Energy and utility companies are now challenged to deliver reliable, affordable and sustainable energy in a competitive market, and, as a result, National Grid has begun using scalable and data-driven insights that can help to modernise the utility network and improve power generation.
>See also: 6 predictions for cloud security
National Grid has implemented cloud analytics services to improve decision making around asset health and maintenance policies. The energy company needed the ability to sweep up all the data on its assets across 350 different sites and bring it together into a single portal for further analysis to deliver value for customers moving forward.
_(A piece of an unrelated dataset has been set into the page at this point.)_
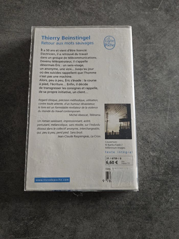 Livre roman Fiction littéraire Roman de société "Retour aux mots sauvages" De Thierry Beinstingel Format poche Révélateur de la violence du monde du travail contemporain Coup de coeur des libraires 240 pages Synopsis : "Il a 50 ans et vient d'être licencié. Electricien, il a retrouvé du travail dans un groupe de télécommunications. Devenu téléopérateur, il s'appelle désormais Eric : un sans visage, un anonyme, une voix... Jusqu'au jour où des suicides rappellent que l'Homme n'est pas une machine. Alors, peu à peu, Eric s'évade : la course à pied, l'écriture... Enfin, il décide de transgresser les consignes et rappelle, de sa propre initiative, un client..." Editeur : Le livre de poche ISBN : 9782213654751 Etat : Très bon état Envoi ou remise en main propre Pour voir des annonces similaires : #robotick_livres #romandesociété #retourauxmotssauvages #thierrybeinstingel #mondedutravail #dystopie

Using cloud-based analytics, National Grid has now shifted to a condition-based preventive maintenance, and uses an online portal where it has full visibility into everything it needs to know about all of its assets. The company now also has the ability to see asset conditions and when they were last maintained, which is vital in managing risk in the business.
Every cloud, every industry
In today’s fast-paced world with high standards of data centre performance, resilience, monitoring and the availability of specialists, it’s hard for most businesses to justify maintaining in-house data centres. And these industries aren’t the only ones benefiting from cloud technology.
From underpinning transport networks in our busiest cities, to improving the quality of paediatric care by collecting and sharing knowledge to treat children dying of preventable illnesses – any business, in any industry, in any corner of the world will see incremental benefits to their business by adopting cloud technology that suits their business needs.